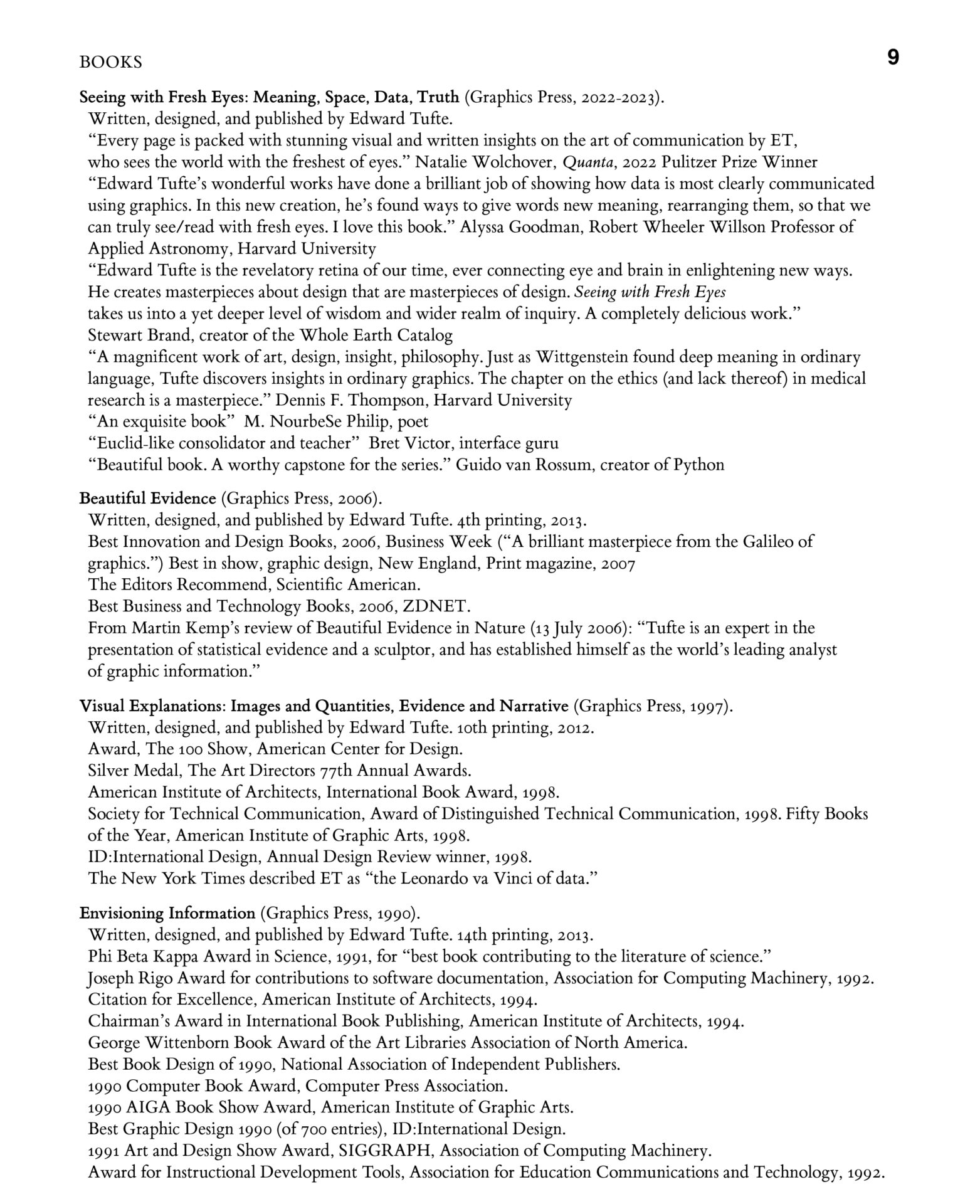 For 60 years, Edward Tufte copyrighted, wrote, designed, printed, advertised, sold 13 books and booklets on information models, data analysis, dataviz, and developed the vocabulary for data models (chartjunk, data-ink, lie factors, truth/integrity, sparklines, small multiples, imagequilts, slope graphs. . .). Sold 3 million copies, won 35 book awards, 9 honorary degrees.
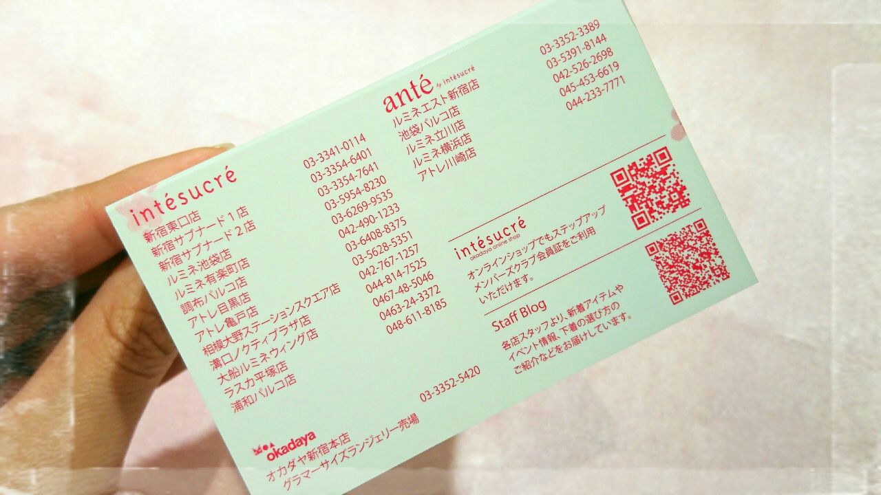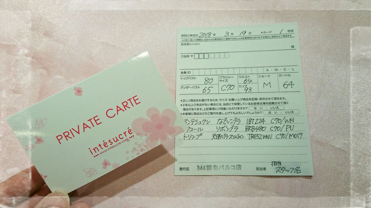 カルテカードにお客様の採寸値、試着後お客様が気に入って下さったブラジャーのメーカー・品番・サイズ・カラーなど記入してお渡し致します!
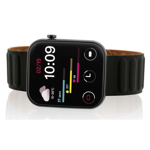 Orologio smartwatch unisex della collezione h*smart di Hoops. Orologio smartwatch con cassa in metallo e finitura opaca. Dimensioni: larghezza 37mm - lunghezza 43 mm - altezza 9 mm. L'orologio ha un display oled ad alta luminosità e risoluzione. Il cinturino è in pelle gommata soft touch con chiusura calamitata nero, misura ansa: 22mm. La resistenza all'acqua è di 2 atm. Il movimento è smart high tech con le seguenti funzioni: datario, sport, steps, monitoragio sonno, funzioni salute (pressione sangue, ossigenazione sangue ecc. ), indicazione meteo, notifiche, fino a 5 sveglie impostabili, trova telefono, e' possibile scegliere tra le foto presenti nella galleria ed impostarle come sfondo. Ogni orologio viene fornito con un cinturino extra in silicone. La referenza è hs-z15-01
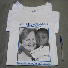 CAMISETA (TAM G) EM MALHA BRANCA, DE MANGA CURTA. NA FRENTE, FOTOGRAFIA DE ZILDA ARNS ABRAÇADA A UMA CRIANÇA, E A INSCRIÇÃO 'ESPAÇO DE DESENVOLVIMENTO INFANTIL ZILDA ARNS / UMA VIDA CONSTRUÍDA PELAS CRIANÇAS'.
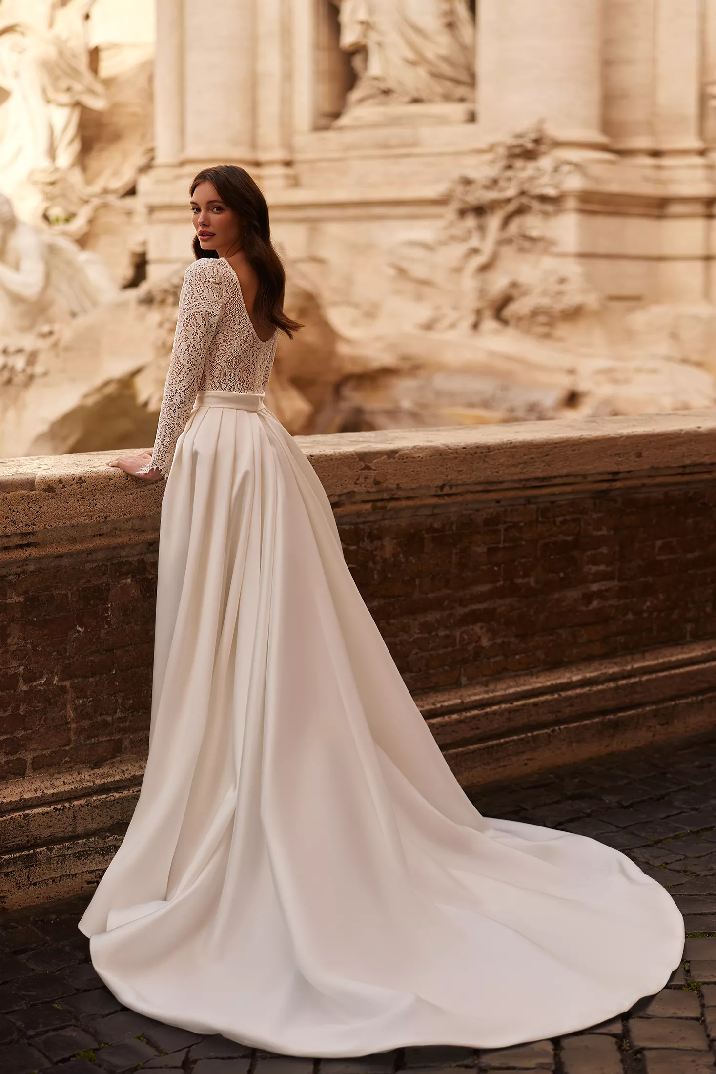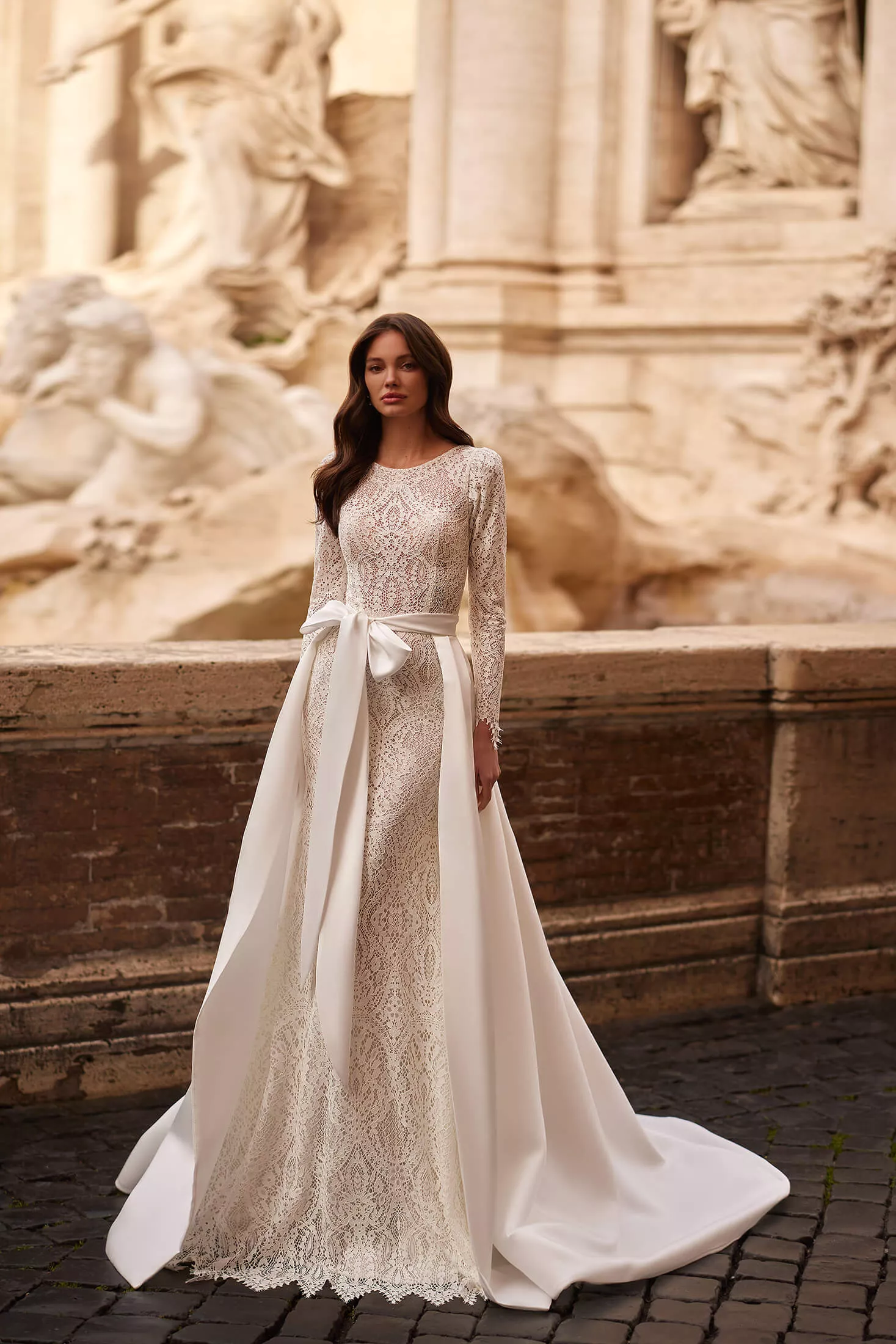 Chic sans effort tout en dégageant une élégance intemporelle, la robe sirène à manches longues Eduarda est une vision de sophistication. Confectionnée dans de délicates dentelles couvrant toute la robe, cette création est accompagnée d'un luxueux train en organdi épais, attaché délicatement à la taille. Pour ajouter une touche de raffinement, la taille de la robe est élégamment ornée de perles, créant un effet de définition qui sublime la silhouette.
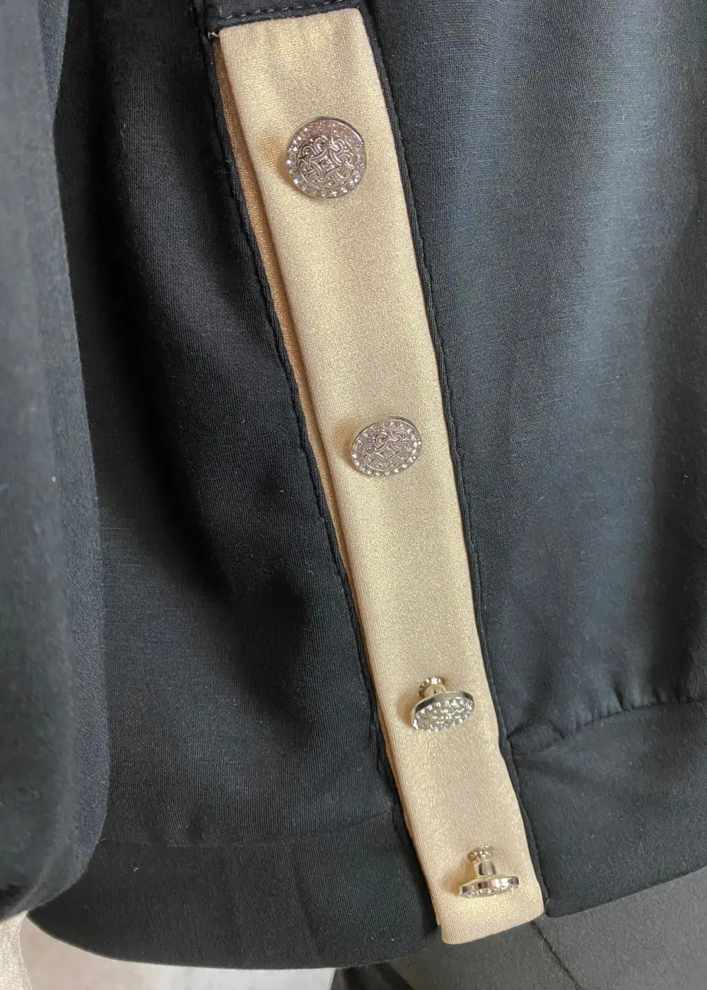 - Kultaiset, kapeat hihansuut lisäävät ylellistä viimeistelyä
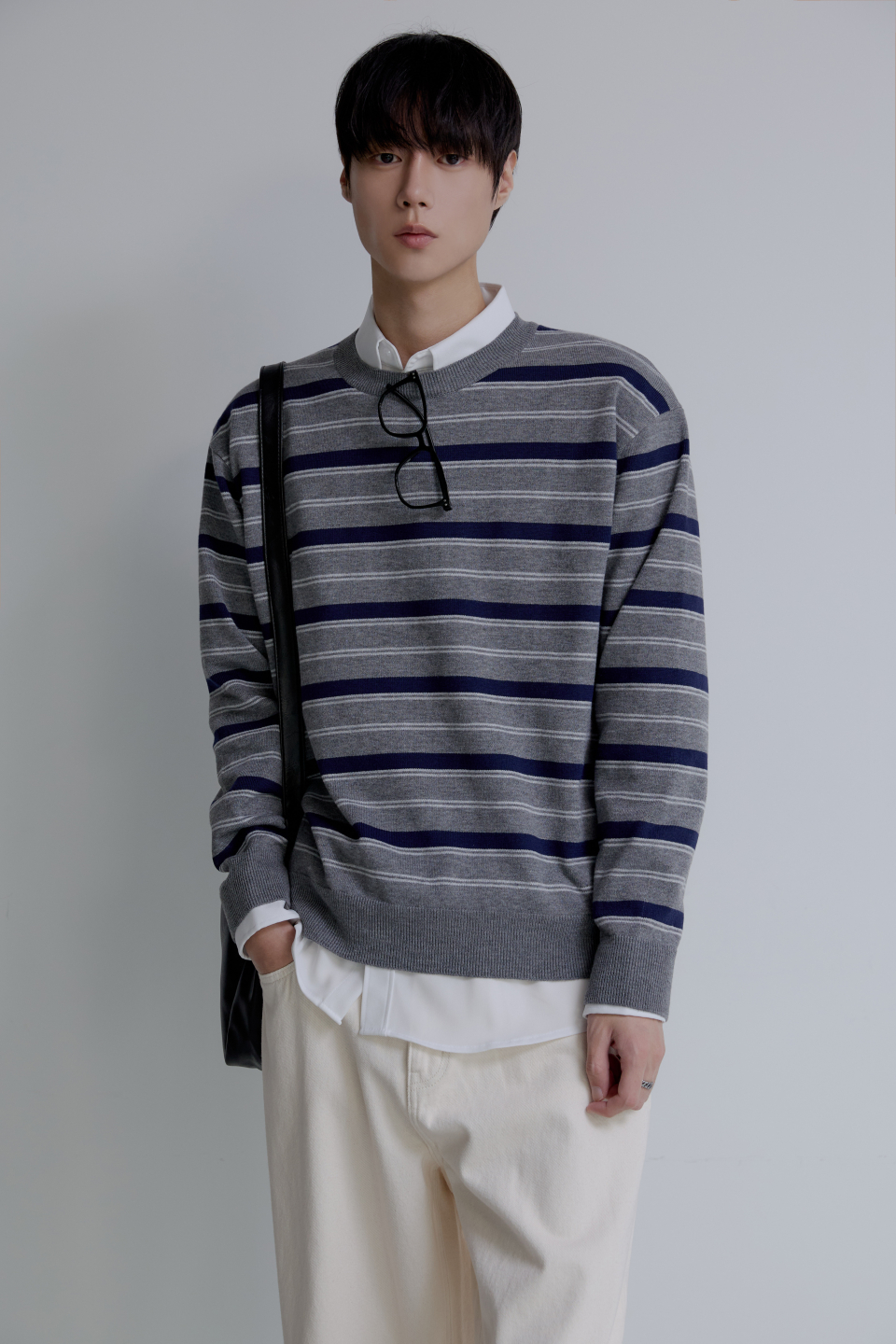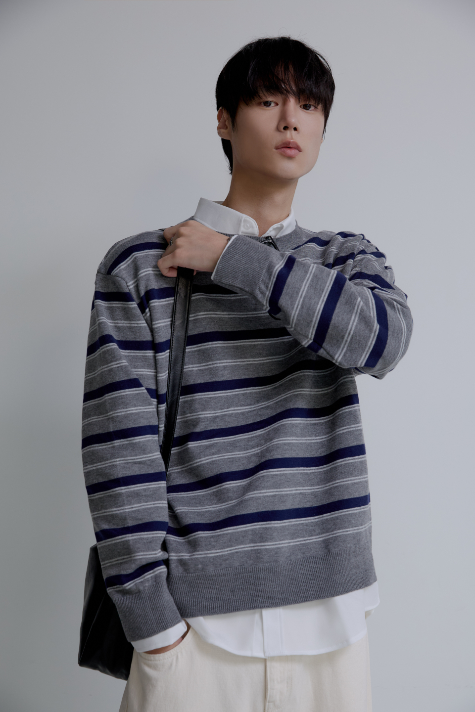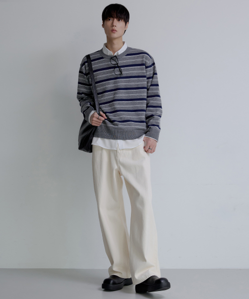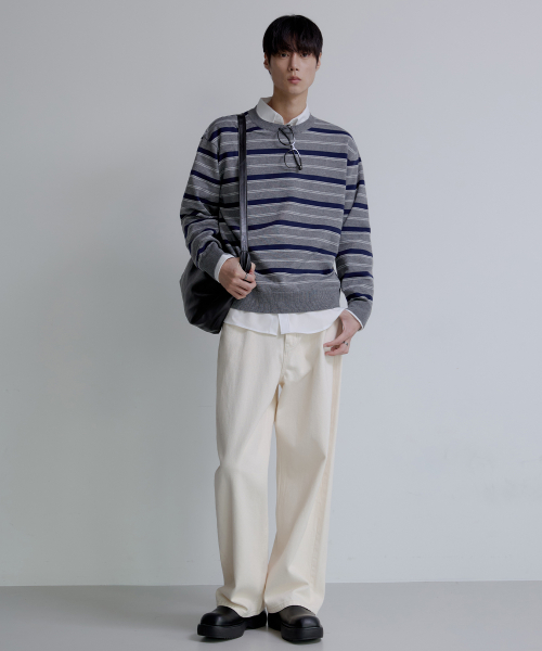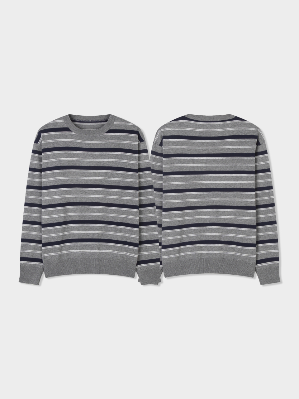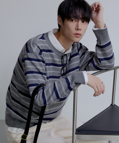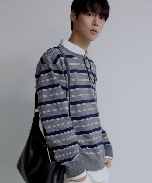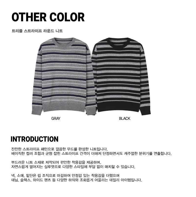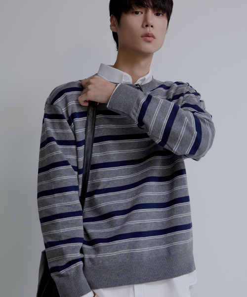 트리플 스트라이프 세미 크롭 니트 [그레이]
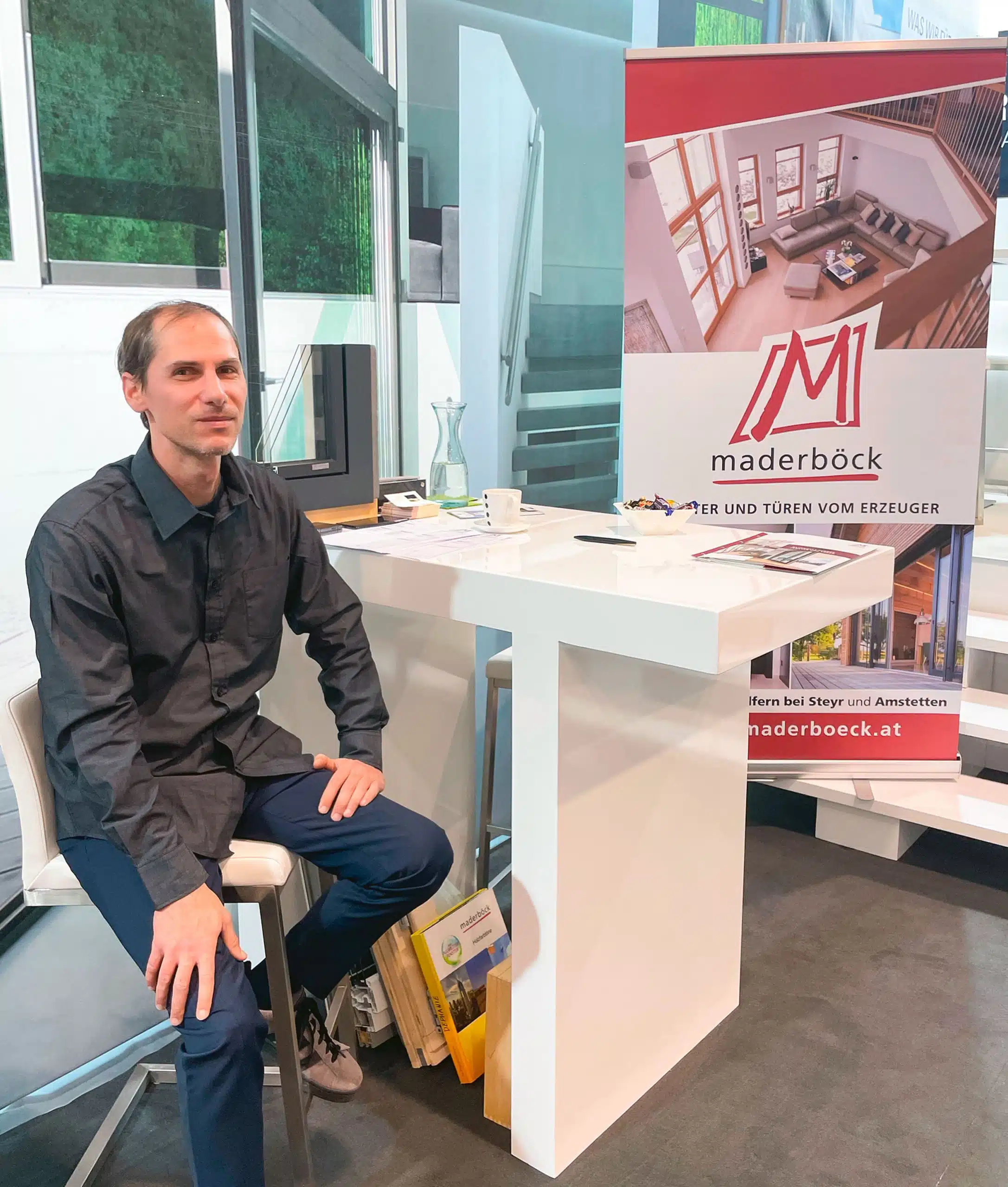 Unser Mitaussteller Maderböck schickte uns Florian Drabeck zur Unterstützung an unseren Messestand.
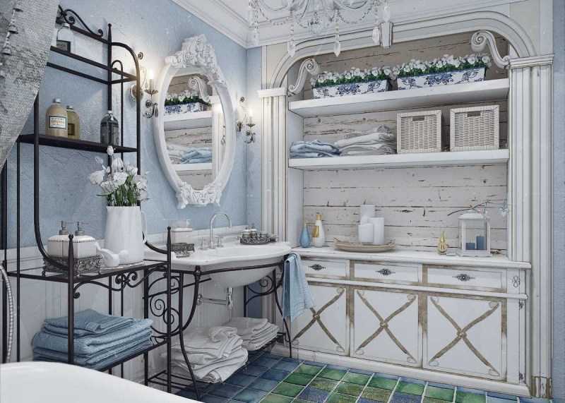Узкое направление деревенского стиля – отображение или имитация интерьеров французской глубинки. Этот стиль узнаваем по светлым поверхностям, рисункам цветов и душистых трав; очень распространено использование для декора цветов лаванды.
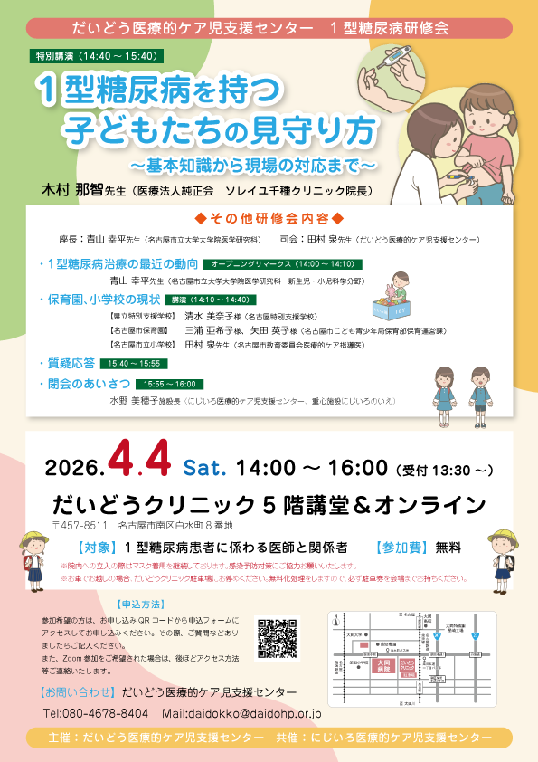 ホーム 学術講演会・研修会 お問い合わせ アクセス 学術講演会・研修会 開催予定 終了 学術講演会・研修会一覧 開催予定一覧 2026/04/04 1型糖尿病研修会 だいどう医療的ケア児支援センターが主催する1型糖尿病研修会のご案内です。 1 学術講演会・研修会 年別 すべて 2026年 2025年 2024年 2023年 2022年 2021年 2020年 2019年

---+---

(ASSIGNMENT) Out of the records above, please copy exactly the lines from the line with "カルテカードにお客様の採寸値" up to and including the line with "Orologio smartwatch unisex", minus the pictures.

(ANSWER)
 カルテカードにお客様の採寸値、試着後お客様が気に入って下さったブラジャーのメーカー・品番・サイズ・カラーなど記入してお渡し致します!
 Orologio smartwatch unisex della collezione h*smart di Hoops. Orologio smartwatch con cassa in metallo e finitura opaca. Dimensioni: larghezza 37mm - lunghezza 43 mm - altezza 9 mm. L'orologio ha un display oled ad alta luminosità e risoluzione. Il cinturino è in pelle gommata soft touch con chiusura calamitata nero, misura ansa: 22mm. La resistenza all'acqua è di 2 atm. Il movimento è smart high tech con le seguenti funzioni: datario, sport, steps, monitoragio sonno, funzioni salute (pressione sangue, ossigenazione sangue ecc. ), indicazione meteo, notifiche, fino a 5 sveglie impostabili, trova telefono, e' possibile scegliere tra le foto presenti nella galleria ed impostarle come sfondo. Ogni orologio viene fornito con un cinturino extra in silicone. La referenza è hs-z15-01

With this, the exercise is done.